• [DATASET]:
Content starts

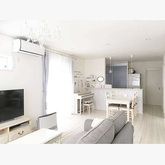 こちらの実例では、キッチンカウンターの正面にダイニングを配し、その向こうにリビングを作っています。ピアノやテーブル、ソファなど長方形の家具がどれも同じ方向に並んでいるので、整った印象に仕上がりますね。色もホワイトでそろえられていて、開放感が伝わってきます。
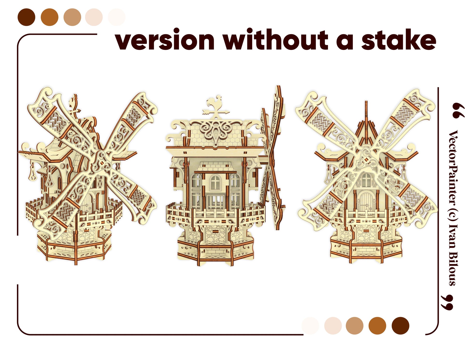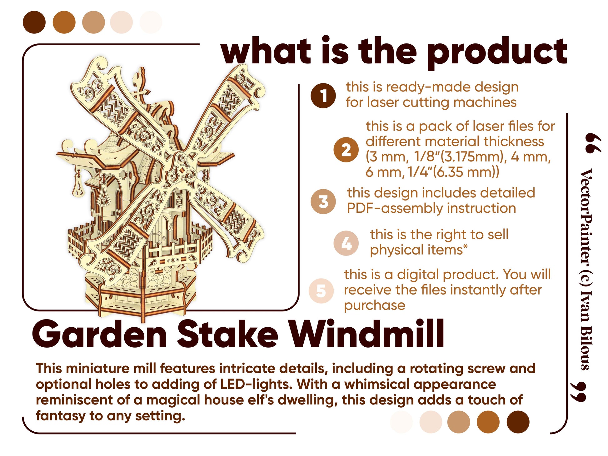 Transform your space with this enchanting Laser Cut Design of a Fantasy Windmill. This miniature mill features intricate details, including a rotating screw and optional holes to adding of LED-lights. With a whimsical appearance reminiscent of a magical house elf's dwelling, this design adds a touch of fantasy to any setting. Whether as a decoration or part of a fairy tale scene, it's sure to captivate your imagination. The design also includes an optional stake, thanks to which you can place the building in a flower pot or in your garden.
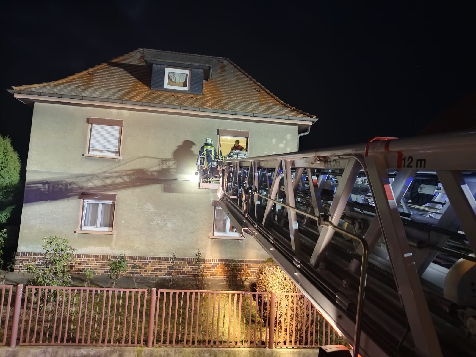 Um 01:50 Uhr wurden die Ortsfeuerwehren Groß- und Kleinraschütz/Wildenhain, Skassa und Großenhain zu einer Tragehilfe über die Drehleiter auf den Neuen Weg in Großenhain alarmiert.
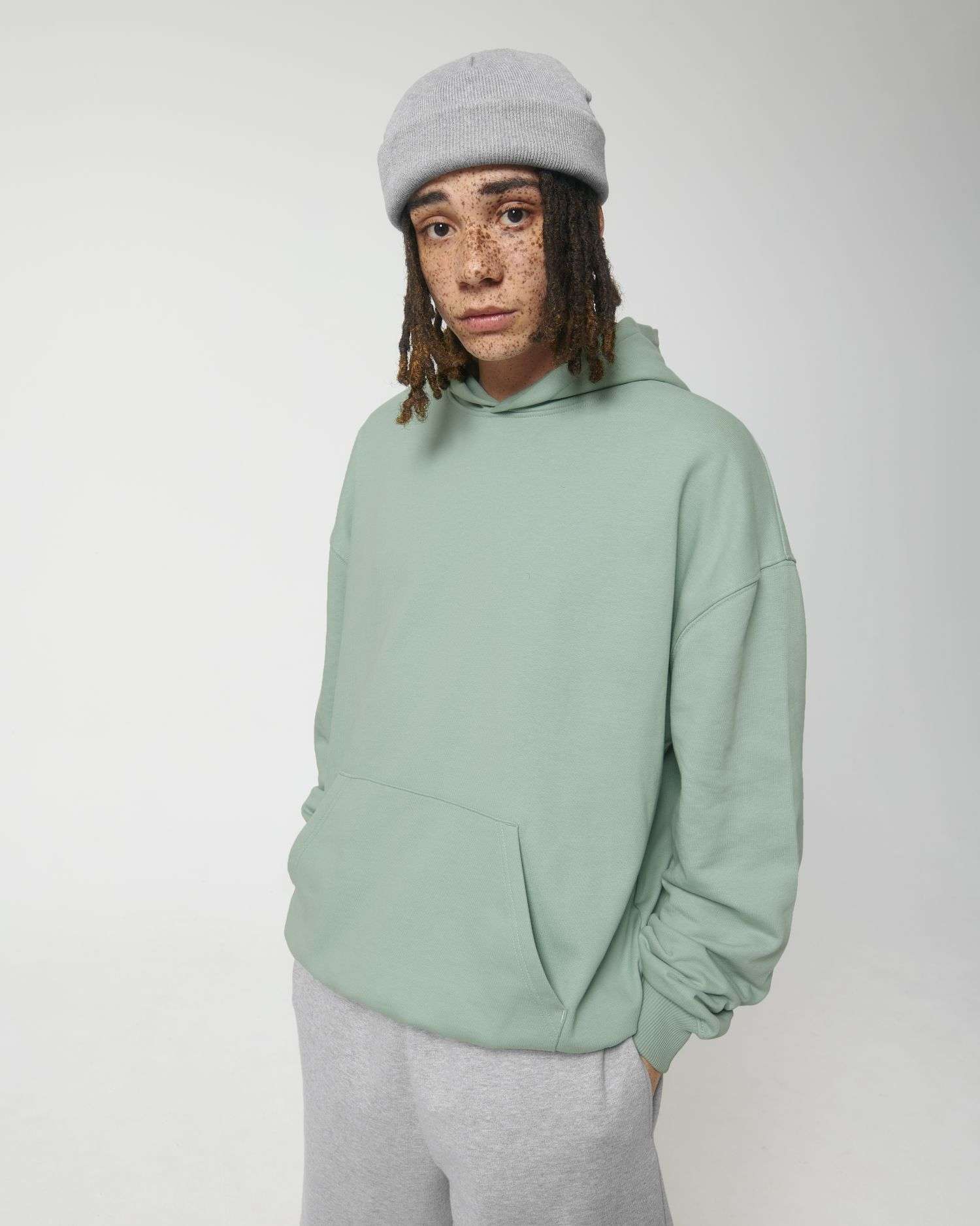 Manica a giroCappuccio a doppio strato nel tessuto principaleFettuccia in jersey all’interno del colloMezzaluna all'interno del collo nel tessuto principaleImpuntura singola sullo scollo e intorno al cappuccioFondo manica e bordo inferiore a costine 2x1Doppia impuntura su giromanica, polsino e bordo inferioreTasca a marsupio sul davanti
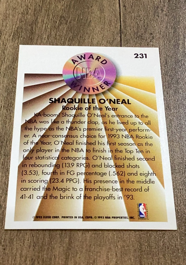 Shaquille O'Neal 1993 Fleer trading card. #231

Content ends
Content starts

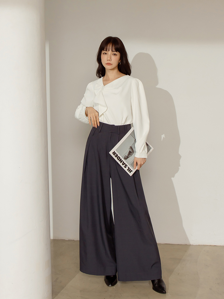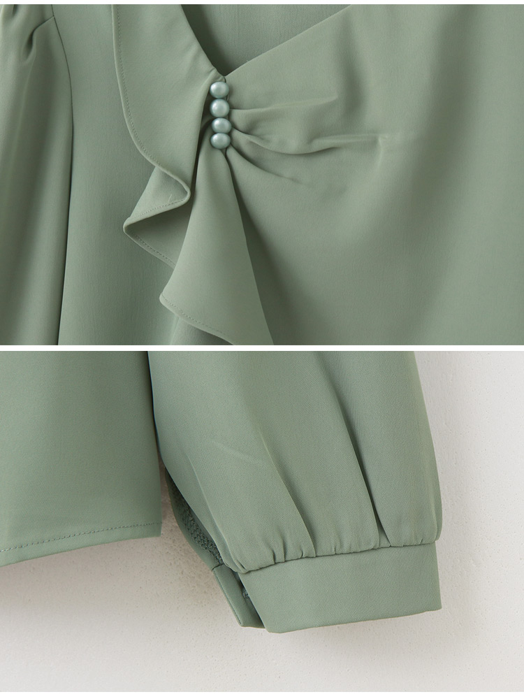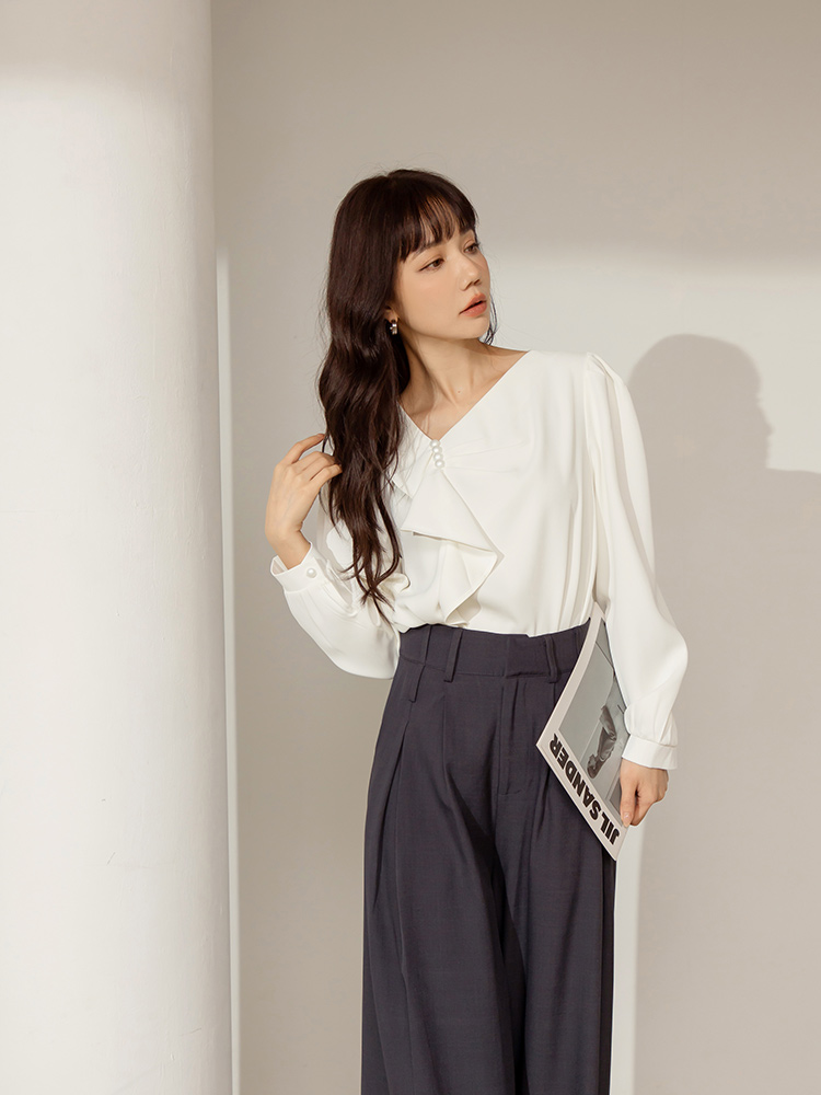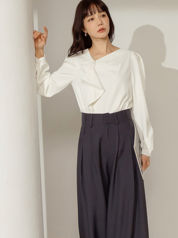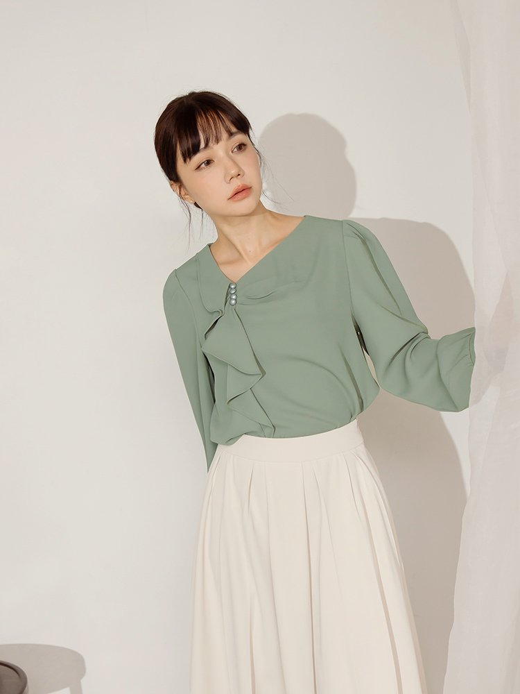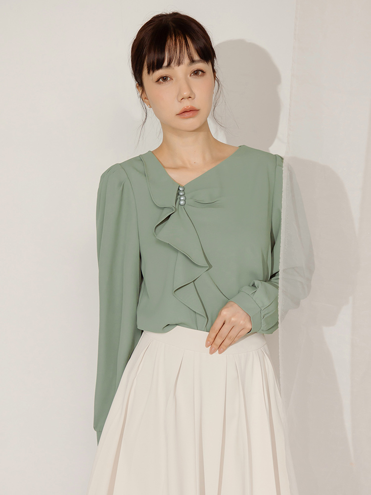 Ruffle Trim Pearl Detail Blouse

Content ends

• [WHAT THIS TASK INVOLVES]:
From the records above, transcribe exactly the lines starting at the one containing "こちらの実例では、キッチンカ" and ending at the one containing "Um 01:50 Uhr". Skip the pictures.

• [ANSWER SECTION]:
 こちらの実例では、キッチンカウンターの正面にダイニングを配し、その向こうにリビングを作っています。ピアノやテーブル、ソファなど長方形の家具がどれも同じ方向に並んでいるので、整った印象に仕上がりますね。色もホワイトでそろえられていて、開放感が伝わってきます。
 Transform your space with this enchanting Laser Cut Design of a Fantasy Windmill. This miniature mill features intricate details, including a rotating screw and optional holes to adding of LED-lights. With a whimsical appearance reminiscent of a magical house elf's dwelling, this design adds a touch of fantasy to any setting. Whether as a decoration or part of a fairy tale scene, it's sure to captivate your imagination. The design also includes an optional stake, thanks to which you can place the building in a flower pot or in your garden.
 Um 01:50 Uhr wurden die Ortsfeuerwehren Groß- und Kleinraschütz/Wildenhain, Skassa und Großenhain zu einer Tragehilfe über die Drehleiter auf den Neuen Weg in Großenhain alarmiert.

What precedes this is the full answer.